### Your objective
Return the entries exactly. Images are not part of the copy.

### Extracted material

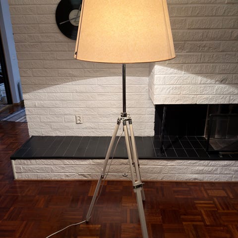 Hieno Design valaisin, jossa myös led lukuvalo. Runko kromi,korkeus 160cm . Ovh 239€.
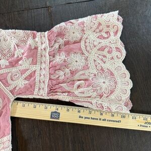 Anthro Kindred Embroidered Blouse Women XL Pink Scoop Neck Feminine Peasant Boho
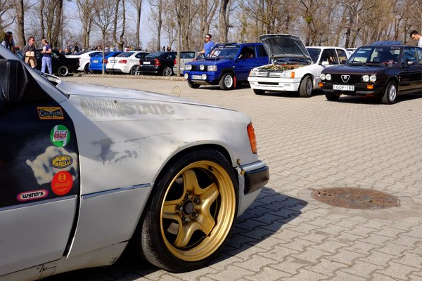 A részleteiben agyoncukult MX-5-is a lila pókháló-felniken. A makulátlan, helyből OT-képes, újszagú kocka 1500-ös Lada, amivel nyolc éve versenyez a tulajdonos. A káprázatos, négy keréken légrugós, Lorinser-felnis, AMG-kötényes 500 SEL (W126) Mercedes, amiben akkora hely volt hátul, hogy Macsuga Janival jóízűt kalimpáltunk benne. Ösztönösen. A káprázatos állapotú, robbantott gumis, célkereszt fényszórós, Golf kabrió-műszerfalas VR6-os, amit részleteiben kellett nézegetni, hogy összeálljon az egész elmeháborodottság, ami mögötte van.
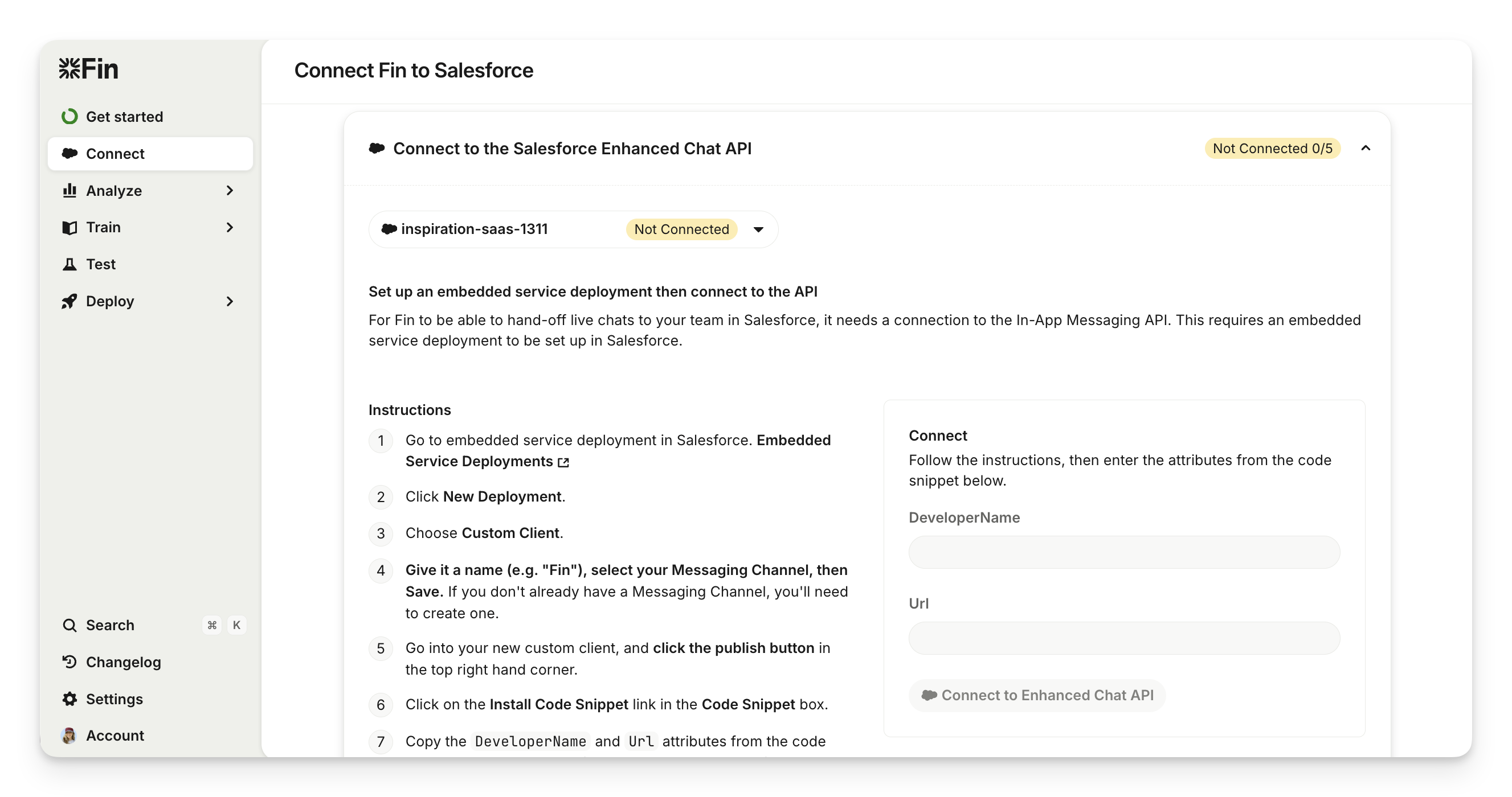 Copy the Developer name and URL into the form to connect.
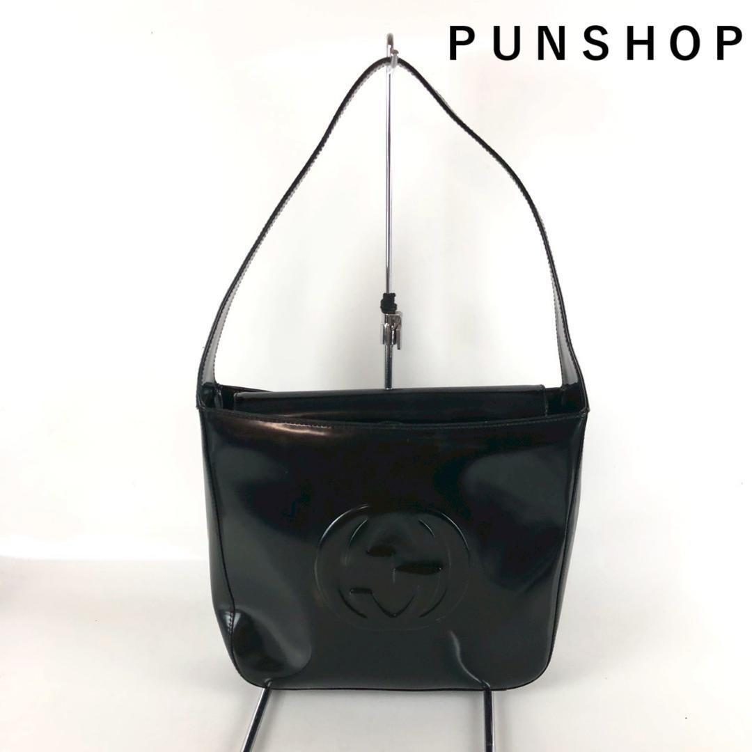 - GUCCI グッチ インターロッキングG エナメル ハンドバッグ ブラック おしゃれ 定番人気 送料無料 大人 収納抜群 おでかけ 人気商品 高級
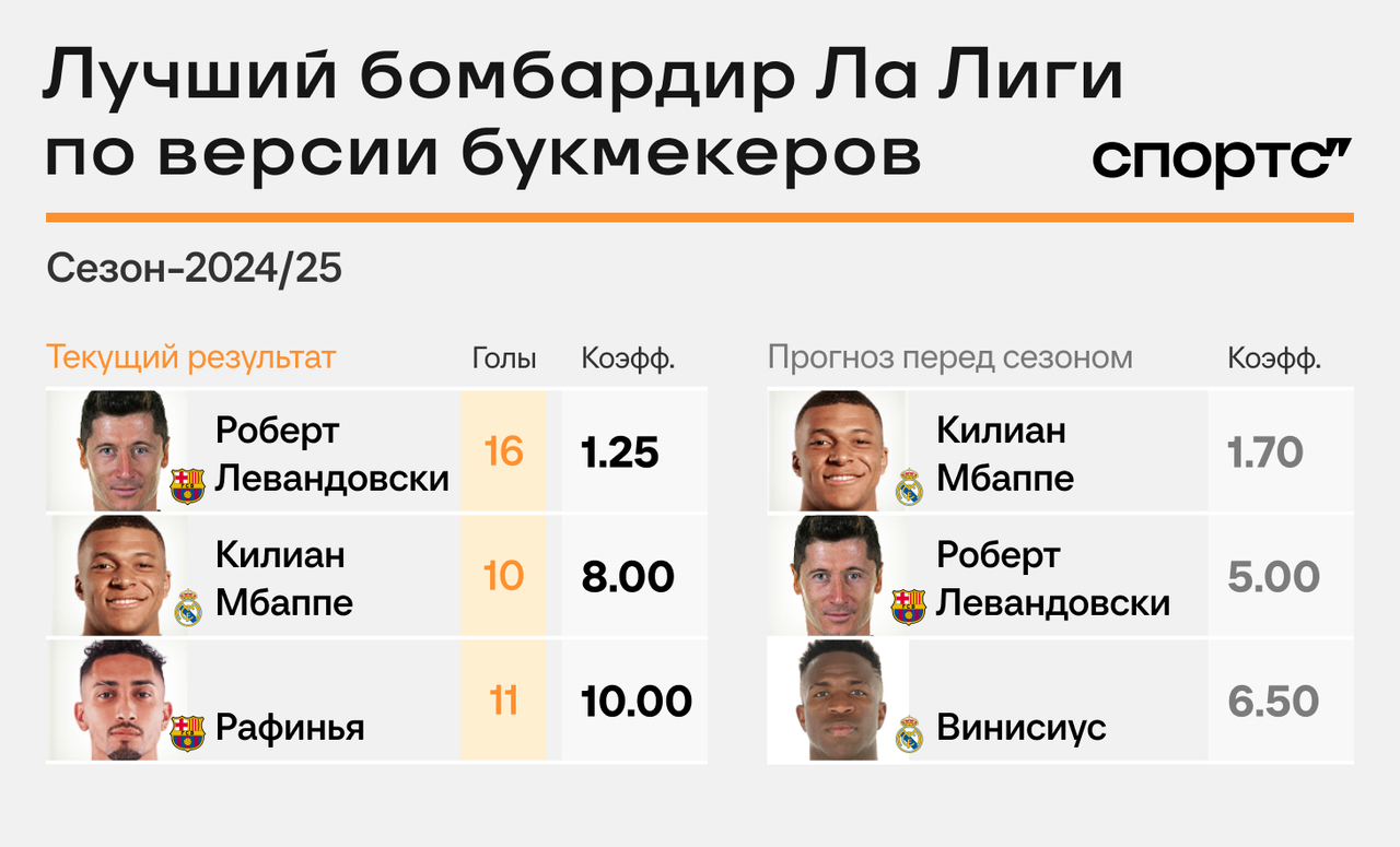 Килиан Мбаппе ворвался в Ла Лигу как главный фаворит гонки бомбардиров. Правда, вскоре мирно отдал это место Роберту Левандовскому. Форвард «Барселоны» с 16 голами уверенно лидирует в рейтинге голеадоров. Шансы 36-летнего поляка на «Золотую бутсу» взлетели с 20% до 80%.
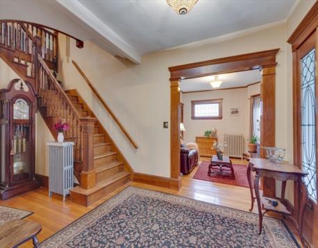 This distinguished Victorian, 11 room, 2 bath,1899 residence on South St. (formerly known as Doctor's Row) is being offered for 1st time in over 30 yrs. It's 3500 sq.ft. of spectacular, generous room sizes & 7,500 sq.ft. lot is enhanced by the home's high ceilings, breathtaking foyer w/its welcoming veranda, a dramatic staircase spauling its 3 levels of living area. The architectural details are outstanding and hard pressed to find in today's inventory. Current owner has maintained & restored its sophistication of the gorgeous molding, flooring & some mechanical systems, including gas heating system, water heater, roof (11 years) & replacement windows (2008). The 2nd floor's bathroom recently remodeled (2024) w/walk in shower & flooring w/radiant heat. Full basement w/finished rec room is bonus. Short walk to public transportation, stores, restaurants & steps to desired Fallon Park, don't overlook the luxury of a 1-car garage w/ample driveway. Kitchen and 1st floor bath need love.
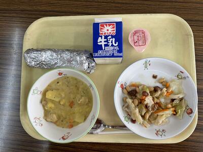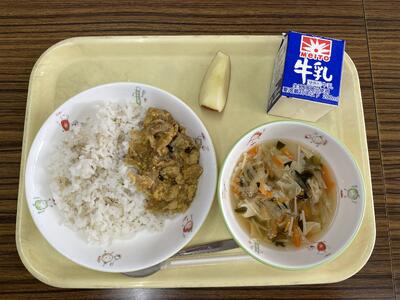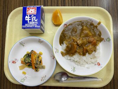 麦ごはん、チキンカレー、小松菜とこんにゃくのサラダ、愛まどんな、牛乳
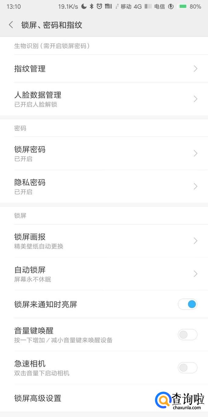 里面可以设置指纹、人脸识别、图案密码等,选择最后一项锁屏高级设置;
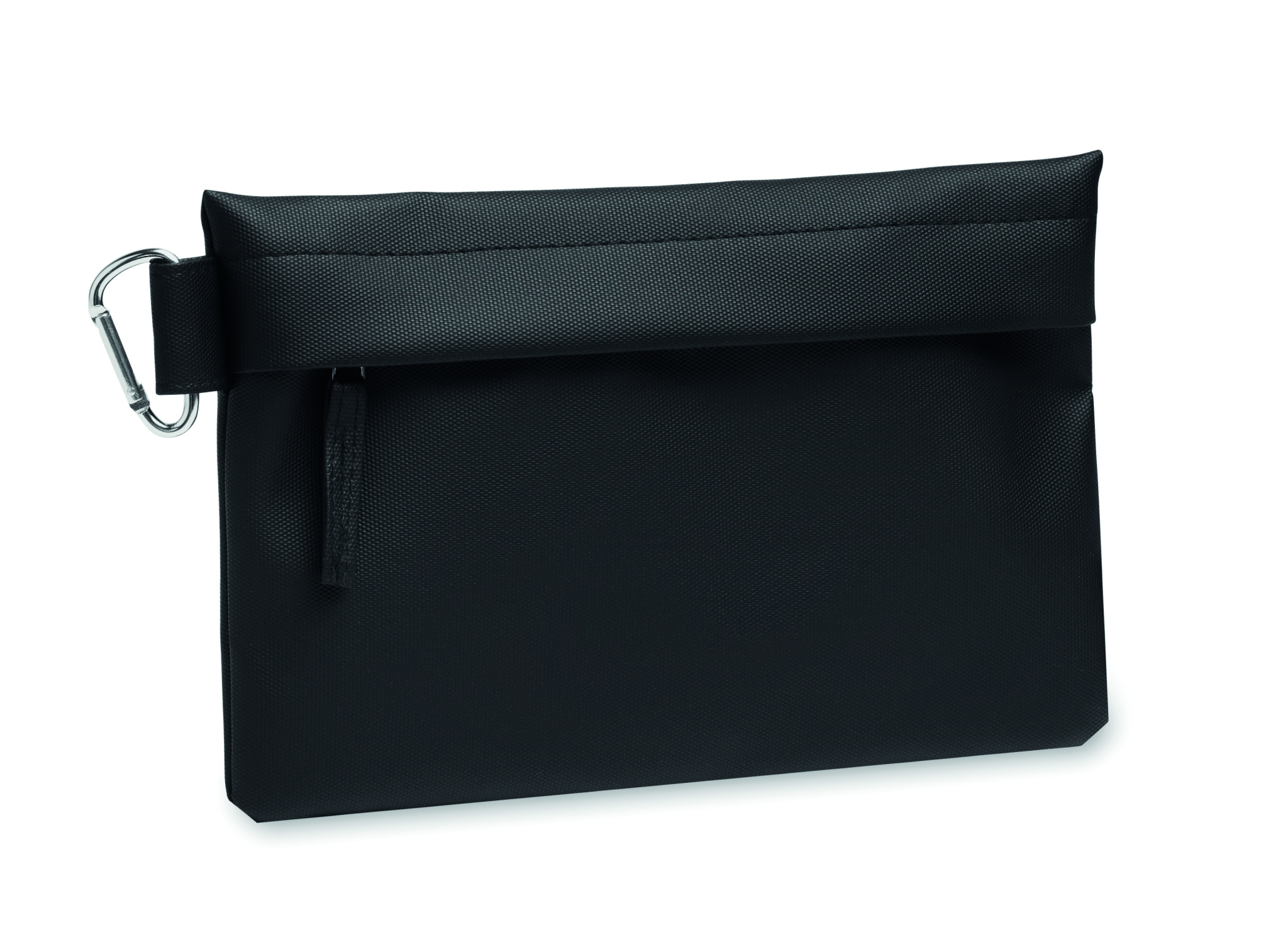 Bärbar förvaringspåse med PU-belagd 600D RPET polyester och stängning med dragkedja. Lämplig för tex datortillbehör, arbetsinstrument m.m.
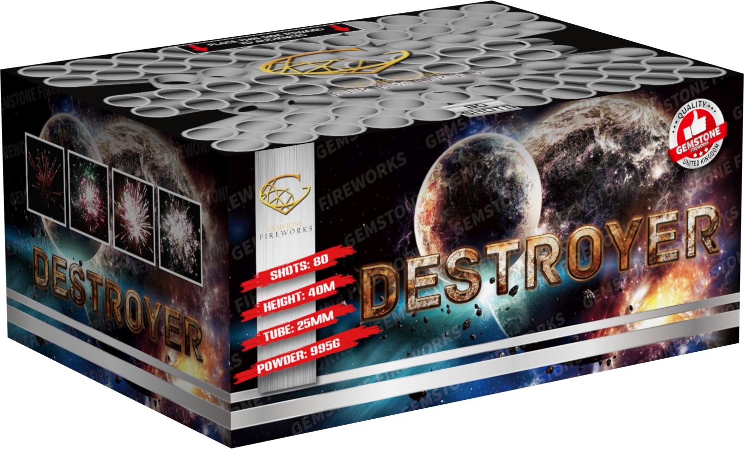 If you are looking for the ultimate finale, let the Destroyer end your event. 80 shots Filling the air with magnificent sounds, breathtaking effects and a multitude of colours all combing to create one incredible pyrotechnic powerhouse of a finish that cannot fail to astonish all your guests.
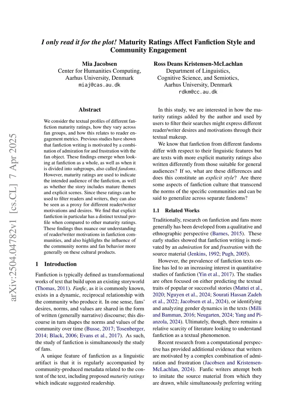 I only read it for the plot! Maturity Ratings Affect Fanfiction Style and Community Engagement
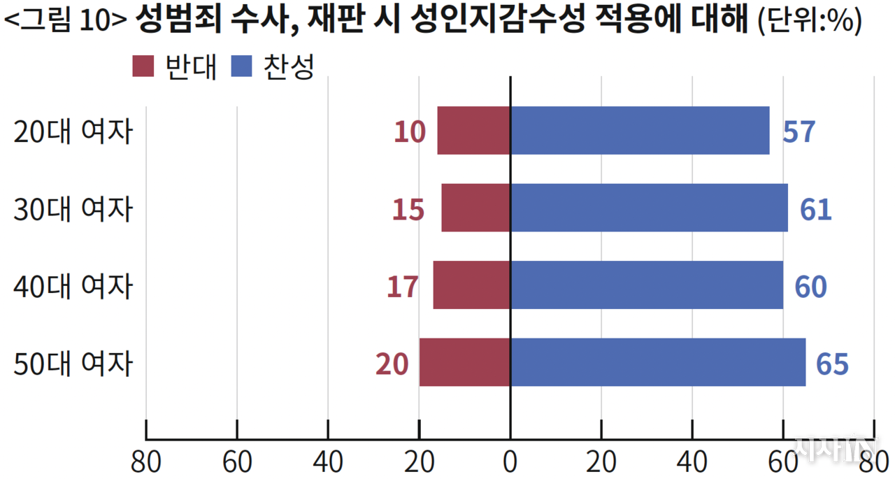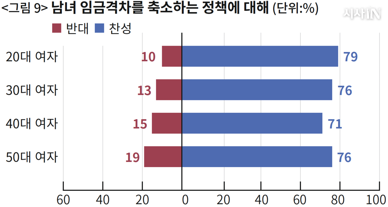 〈그림 9〉는 남녀 임금격차 축소를 지원하는 정책에 대한 찬반 의견이다. 여기서 여성들의 세대 차이는 사라진다. 모든 세대 여성이 압도적으로 지지한다. 〈그림 10〉은 성범죄 수사와 재판에서 ‘성인지감수성’을 적용하는 일에 대한 찬반 의견이다. 마찬가지로 모든 세대 여성이 확고하게 지지한다.

### Your solution
 Hieno Design valaisin, jossa myös led lukuvalo. Runko kromi,korkeus 160cm . Ovh 239€.
 Anthro Kindred Embroidered Blouse Women XL Pink Scoop Neck Feminine Peasant Boho
 A részleteiben agyoncukult MX-5-is a lila pókháló-felniken. A makulátlan, helyből OT-képes, újszagú kocka 1500-ös Lada, amivel nyolc éve versenyez a tulajdonos. A káprázatos, négy keréken légrugós, Lorinser-felnis, AMG-kötényes 500 SEL (W126) Mercedes, amiben akkora hely volt hátul, hogy Macsuga Janival jóízűt kalimpáltunk benne. Ösztönösen. A káprázatos állapotú, robbantott gumis, célkereszt fényszórós, Golf kabrió-műszerfalas VR6-os, amit részleteiben kellett nézegetni, hogy összeálljon az egész elmeháborodottság, ami mögötte van.
 Copy the Developer name and URL into the form to connect.
 - GUCCI グッチ インターロッキングG エナメル ハンドバッグ ブラック おしゃれ 定番人気 送料無料 大人 収納抜群 おでかけ 人気商品 高級
 Килиан Мбаппе ворвался в Ла Лигу как главный фаворит гонки бомбардиров. Правда, вскоре мирно отдал это место Роберту Левандовскому. Форвард «Барселоны» с 16 голами уверенно лидирует в рейтинге голеадоров. Шансы 36-летнего поляка на «Золотую бутсу» взлетели с 20% до 80%.
 This distinguished Victorian, 11 room, 2 bath,1899 residence on South St. (formerly known as Doctor's Row) is being offered for 1st time in over 30 yrs. It's 3500 sq.ft. of spectacular, generous room sizes & 7,500 sq.ft. lot is enhanced by the home's high ceilings, breathtaking foyer w/its welcoming veranda, a dramatic staircase spauling its 3 levels of living area. The architectural details are outstanding and hard pressed to find in today's inventory. Current owner has maintained & restored its sophistication of the gorgeous molding, flooring & some mechanical systems, including gas heating system, water heater, roof (11 years) & replacement windows (2008). The 2nd floor's bathroom recently remodeled (2024) w/walk in shower & flooring w/radiant heat. Full basement w/finished rec room is bonus. Short walk to public transportation, stores, restaurants & steps to desired Fallon Park, don't overlook the luxury of a 1-car garage w/ample driveway. Kitchen and 1st floor bath need love.
 麦ごはん、チキンカレー、小松菜とこんにゃくのサラダ、愛まどんな、牛乳
 里面可以设置指纹、人脸识别、图案密码等,选择最后一项锁屏高级设置;
 Bärbar förvaringspåse med PU-belagd 600D RPET polyester och stängning med dragkedja. Lämplig för tex datortillbehör, arbetsinstrument m.m.
 If you are looking for the ultimate finale, let the Destroyer end your event. 80 shots Filling the air with magnificent sounds, breathtaking effects and a multitude of colours all combing to create one incredible pyrotechnic powerhouse of a finish that cannot fail to astonish all your guests.
 I only read it for the plot! Maturity Ratings Affect Fanfiction Style and Community Engagement
 〈그림 9〉는 남녀 임금격차 축소를 지원하는 정책에 대한 찬반 의견이다. 여기서 여성들의 세대 차이는 사라진다. 모든 세대 여성이 압도적으로 지지한다. 〈그림 10〉은 성범죄 수사와 재판에서 ‘성인지감수성’을 적용하는 일에 대한 찬반 의견이다. 마찬가지로 모든 세대 여성이 확고하게 지지한다.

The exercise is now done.